Task item |
The entries that follow should be reproduced exactly, with no images carried over.

*** Begin section ***

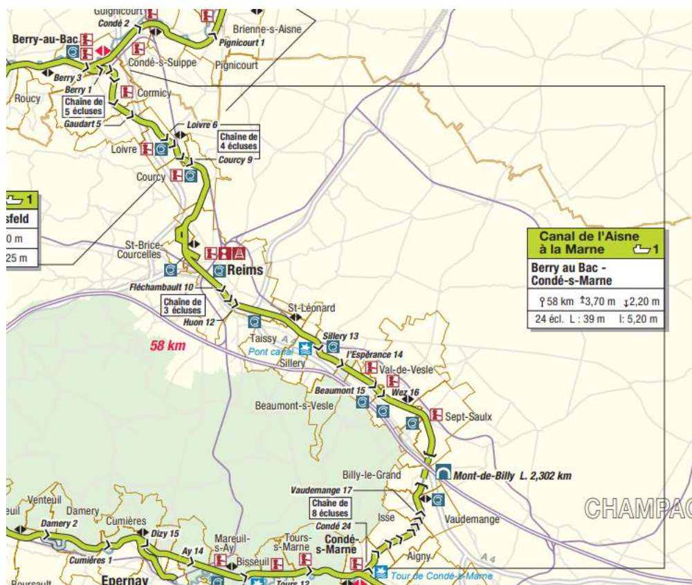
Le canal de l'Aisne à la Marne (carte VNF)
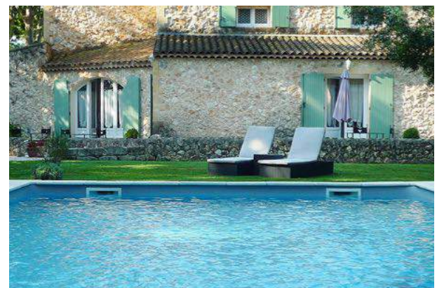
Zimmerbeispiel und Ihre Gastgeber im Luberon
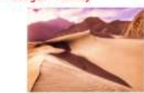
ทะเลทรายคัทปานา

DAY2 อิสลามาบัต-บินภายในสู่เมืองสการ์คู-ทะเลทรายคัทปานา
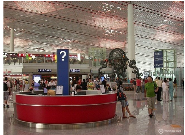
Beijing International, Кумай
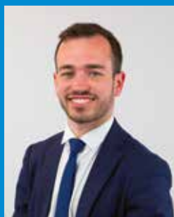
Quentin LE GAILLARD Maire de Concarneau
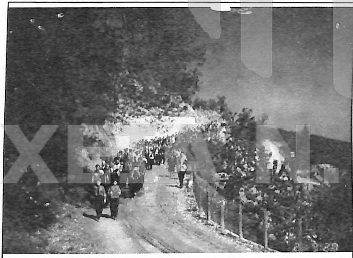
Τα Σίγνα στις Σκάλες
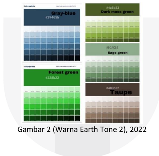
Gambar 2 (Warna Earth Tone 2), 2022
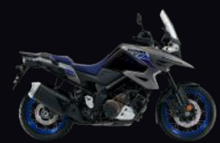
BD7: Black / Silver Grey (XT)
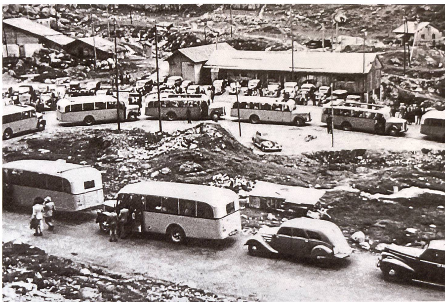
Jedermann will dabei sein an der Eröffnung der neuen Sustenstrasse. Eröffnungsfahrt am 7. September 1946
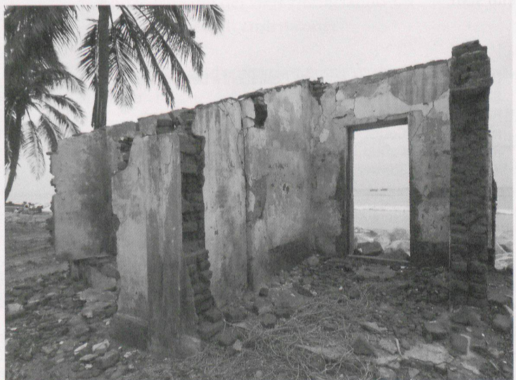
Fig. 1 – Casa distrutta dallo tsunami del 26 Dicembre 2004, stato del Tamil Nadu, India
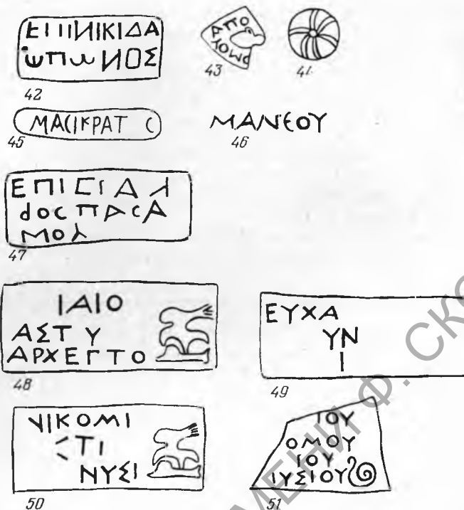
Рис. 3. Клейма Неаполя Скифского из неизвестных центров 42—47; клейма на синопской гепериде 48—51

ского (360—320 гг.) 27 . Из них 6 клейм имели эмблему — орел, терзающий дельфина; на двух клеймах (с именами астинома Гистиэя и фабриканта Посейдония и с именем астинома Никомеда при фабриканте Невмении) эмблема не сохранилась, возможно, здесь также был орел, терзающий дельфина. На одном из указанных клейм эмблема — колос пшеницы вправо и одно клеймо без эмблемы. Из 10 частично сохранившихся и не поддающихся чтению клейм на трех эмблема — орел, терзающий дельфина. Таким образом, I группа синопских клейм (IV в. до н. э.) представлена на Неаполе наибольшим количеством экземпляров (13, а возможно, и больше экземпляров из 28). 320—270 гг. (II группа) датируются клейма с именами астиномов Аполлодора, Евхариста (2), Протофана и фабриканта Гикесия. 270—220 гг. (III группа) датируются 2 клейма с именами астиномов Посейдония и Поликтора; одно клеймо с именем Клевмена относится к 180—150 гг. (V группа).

*** End section ***

Answer space |
Le canal de l'Aisne à la Marne (carte VNF)
Zimmerbeispiel und Ihre Gastgeber im Luberon
ทะเลทรายคัทปานา

DAY2 อิสลามาบัต-บินภายในสู่เมืองสการ์คู-ทะเลทรายคัทปานา
Beijing International, Кумай
Quentin LE GAILLARD Maire de Concarneau
Τα Σίγνα στις Σκάλες
Gambar 2 (Warna Earth Tone 2), 2022
BD7: Black / Silver Grey (XT)
Jedermann will dabei sein an der Eröffnung der neuen Sustenstrasse. Eröffnungsfahrt am 7. September 1946
Fig. 1 – Casa distrutta dallo tsunami del 26 Dicembre 2004, stato del Tamil Nadu, India
Рис. 3. Клейма Неаполя Скифского из неизвестных центров 42—47; клейма на синопской гепериде 48—51

ского (360—320 гг.) 27 . Из них 6 клейм имели эмблему — орел, терзающий дельфина; на двух клеймах (с именами астинома Гистиэя и фабриканта Посейдония и с именем астинома Никомеда при фабриканте Невмении) эмблема не сохранилась, возможно, здесь также был орел, терзающий дельфина. На одном из указанных клейм эмблема — колос пшеницы вправо и одно клеймо без эмблемы. Из 10 частично сохранившихся и не поддающихся чтению клейм на трех эмблема — орел, терзающий дельфина. Таким образом, I группа синопских клейм (IV в. до н. э.) представлена на Неаполе наибольшим количеством экземпляров (13, а возможно, и больше экземпляров из 28). 320—270 гг. (II группа) датируются клейма с именами астиномов Аполлодора, Евхариста (2), Протофана и фабриканта Гикесия. 270—220 гг. (III группа) датируются 2 клейма с именами астиномов Посейдония и Поликтора; одно клеймо с именем Клевмена относится к 180—150 гг. (V группа).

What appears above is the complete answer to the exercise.